Em geral, o emprego de IR, CHEGAR, VIRAR e PEGAR como aspectualizadores, além de fornecer indicações acerca do caráter repentino, súbito, veloz, do evento denotado por V2, permite a inferência de que o falante/escritor vê a ocorrência desse evento com surpresa/espanto, frustração/lamento ou mesmo irritação/crítica. Ou seja, Tavares, embora discorde de Merlan (1999) quanto à natureza do aspecto codificado por PEGAR, concorda que esse verbo, dependendo do contexto, pode indicar espanto (o que também é apontado por Bechara), irritação ou lamento por parte do falante/escritor.

Tavares (2005, 2008) observa ainda que, em certos contextos, é possível perceber que o falante/escritor sinaliza, através do uso da construção perifrástica sob estudo, que há uma tomada de iniciativa por parte do participante agente (no papel sintático de sujeito da perífrase) para concretizar o evento em causa. Esse agente toma a iniciativa (em geral súbita) de fazer algo e imediatamente o faz, sendo essa informação codificada, através da perífrase [V1 (E) V2], em um bloco único, o que ressalta o caráter global do evento. Em seu dicionário,

Borba (2002) apresenta ‘tomar iniciativa’ entre os significados do verbo PEGAR, e fornece dois exemplos: “mãe pegou e deu uma surra no garoto”, “Vê uma placa assim: “não cuspa no chão”, brasileiro pega e cospe na placa”. Contudo, nem sempre é possível atribuir tomada de iniciativa ao referente do nome que desempenha o papel de sujeito na perífrase [V1 (E) V2]. Tomemos alguns exemplos, provenientes de Tavares (2008): “Todo mundo votou no Tancredo. O Tancredo vai e morre, aí fica o Sarney para bagunçar toda a economia.”, “Aí o guri pegou ficou com medo” e “A primavera pega e começa no dia 20 de setembro.”

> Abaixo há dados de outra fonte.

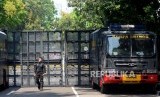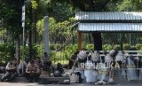 REPUBLIKA.CO.ID, JAKARTA -- Personel kepolisian berada disekitar lokasi Gedung Mahkamah Konstitusi (MK), Jakarta, Kamis (27/6).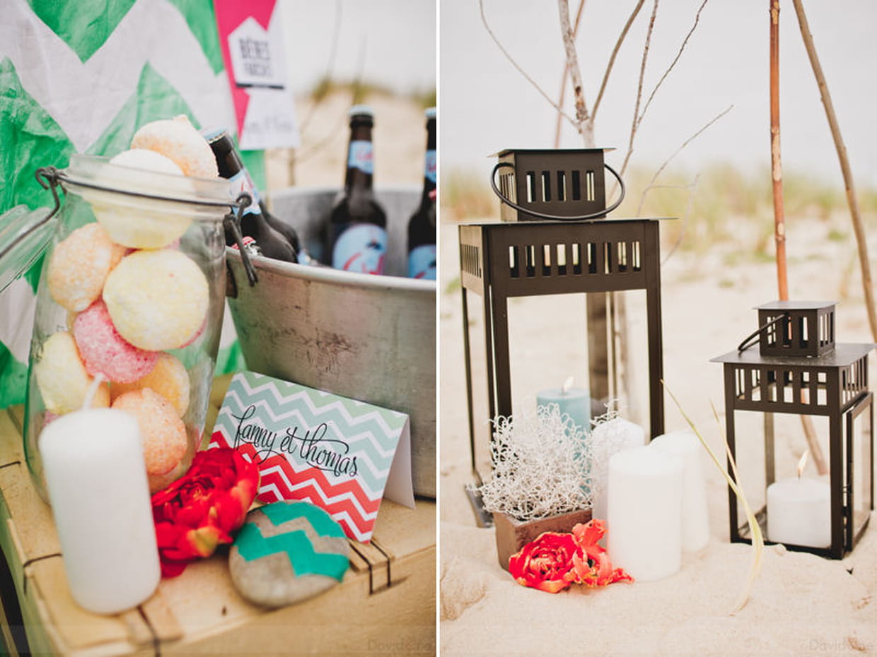 Photophores, grandes lanternes posées dans le sable, galets ou caissettes en bois... les éléments sont naturels et invitent à la détente.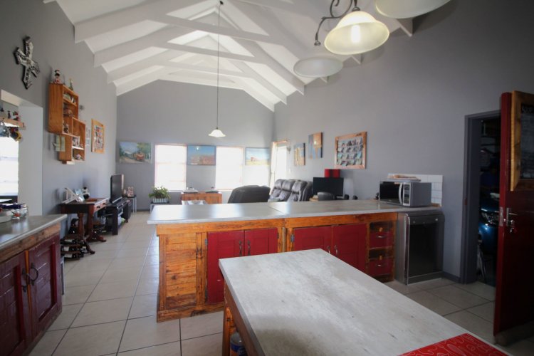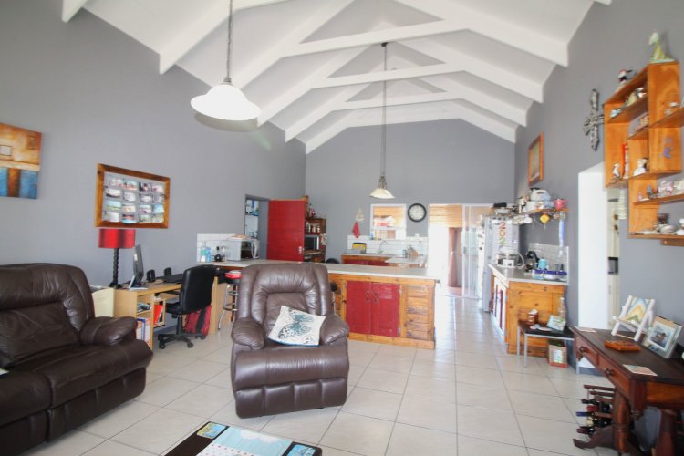 Step inside and be greeted by a spacious open-plan living area, complete with exposed beams and double volume ceilings. The seamless flow leads you to an inviting kitchen that boasts ample built-in cupboards and a serving island that is perfect for entertaining family and friends. With space for a dishwasher, keeping your culinary haven clean becomes a breeze.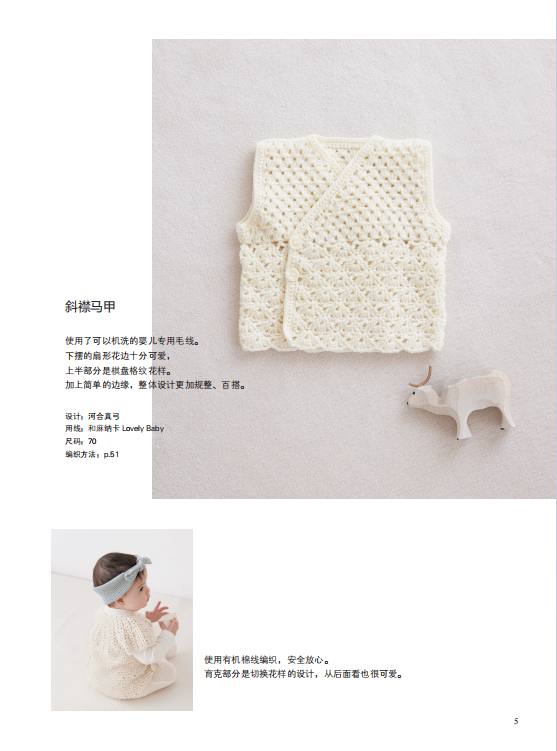 本书是宝库社精心打造的一本儿童服饰编织书,由编织名师菅野直美、河合真弓、川路由美子、岸睦子等设计制作,款式可爱,配色鲜艳,适合各年龄段儿童穿搭。24款作品涉及常用的背心、开衫、裙子、帽子、手套、包包等衣服和小物,适合身高65145厘米的儿童,可根据孩子体型和身材制作合身的衣物,而且可以随身形变化修改衣物。作品的材料、工具、尺寸、编织图解详细,还有线材、基础编织技法等知识,以及可以让衣物穿很久的编织秘诀,此外书中还贴心给出了实用的穿搭建议。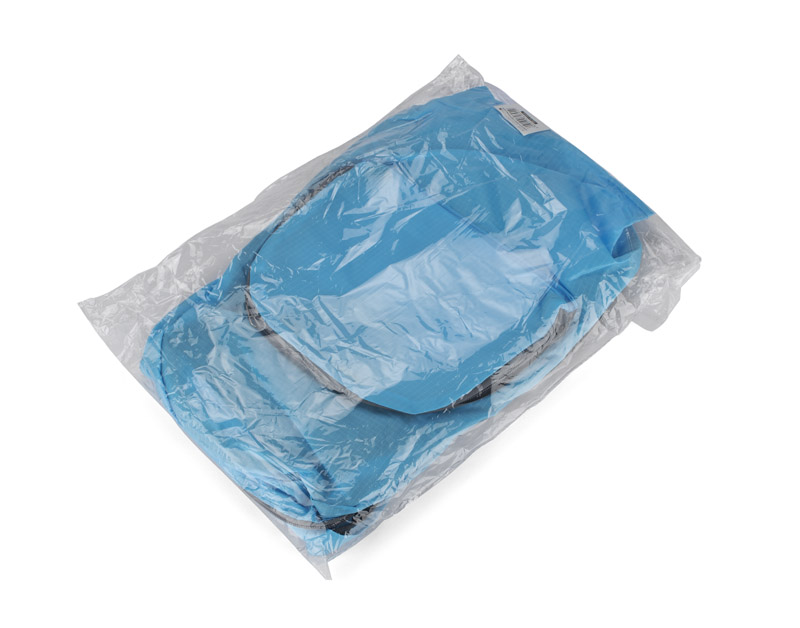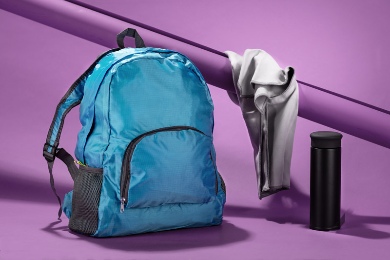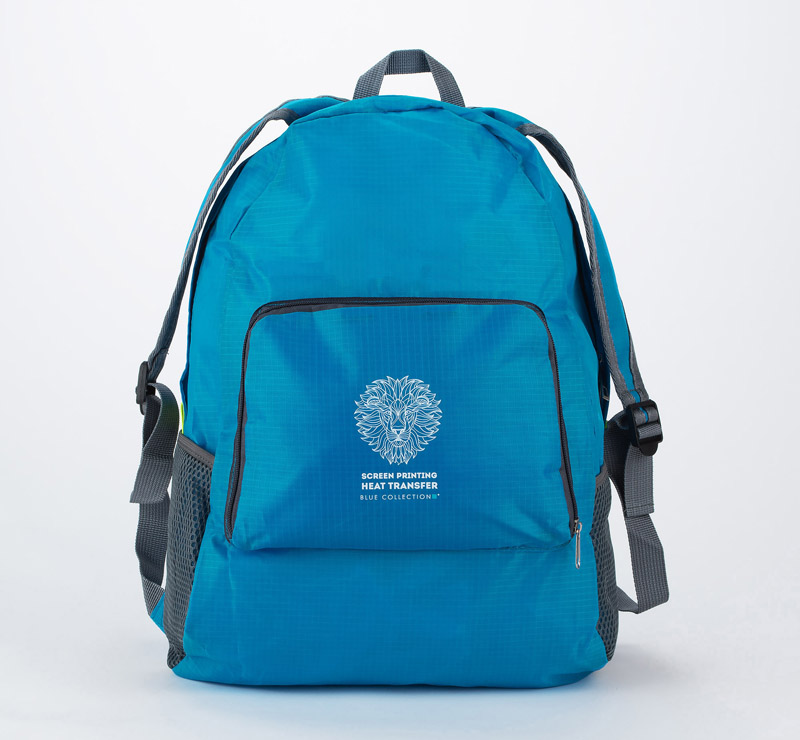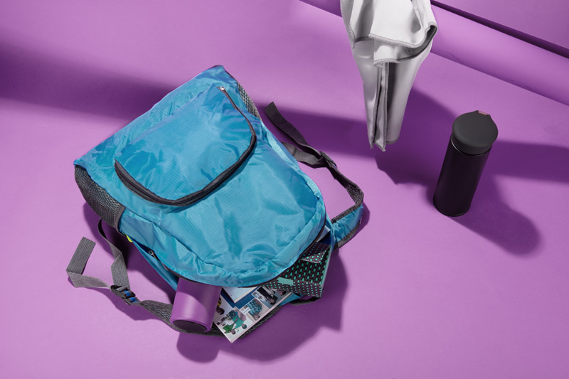 Functional backpack that can be folded to a compact size. It has one inner pocket and three external ones – one with a zipper and two with net. The backpack is made of polyester.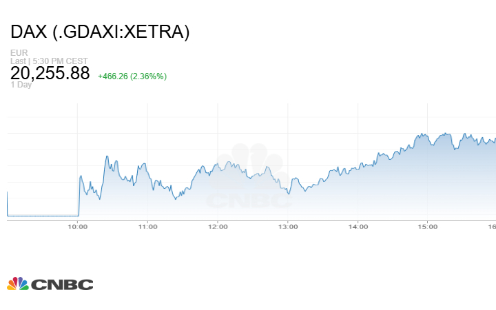 كما أغلق مؤشر DAX الألماني الجلسة على صعود 466.26 نقطة أو بنسبة 2.36% إلى مستوى 20255.88 نقطة.

A autora conclui afirmando que, uma vez que verbos como IR, CHEGAR, VIRAR e PEGAR se tornem codificadores de aspecto global, matizes pragmáticos ligados à indicação desse aspecto (como surpresa ou frustração frente ao evento repentino) são incorporados ao conjunto de relações passíveis de serem sinalizadas através da construção [V1 (E) V2]. No português brasileiro contemporâneo, esses verbos ressaltam um leque de nuanças semântico- pragmáticas como o caráter repentino, instantâneo ou até brusco do evento referido pelo verbo principal da construção, e/ou a tomada de iniciativa (súbita) do agente (no papel sintático de sujeito da perífrase), e/ou avaliações subjetivas que vão da surpresa à frustração. Revelam, portanto, como o falante/escritor percebe e apresenta ao ouvinte/leitor circunstâncias ligadas à realização do evento referido por um verbo principal. Essas nuanças se sobrepõem em graus variados a cada ocorrência, e podem, a princípio, ser enquadradas sob o rótulo de aspecto global.

É esta última perspectiva que adotamos em nossa pesquisa. Descrevemos e analisamos propriedades semântico-pragmáticas e morfossintáticas das construções coordenadas e perifrásticas em que CHEGAR é o primeiro verbo (V1), e inferimos dessas propriedades indícios de um possível percurso de gramaticalização que tem como ponto de partida a construção coordenada e como ponto de chegada a construção perifrástica em que CHEGAR indica aspecto global.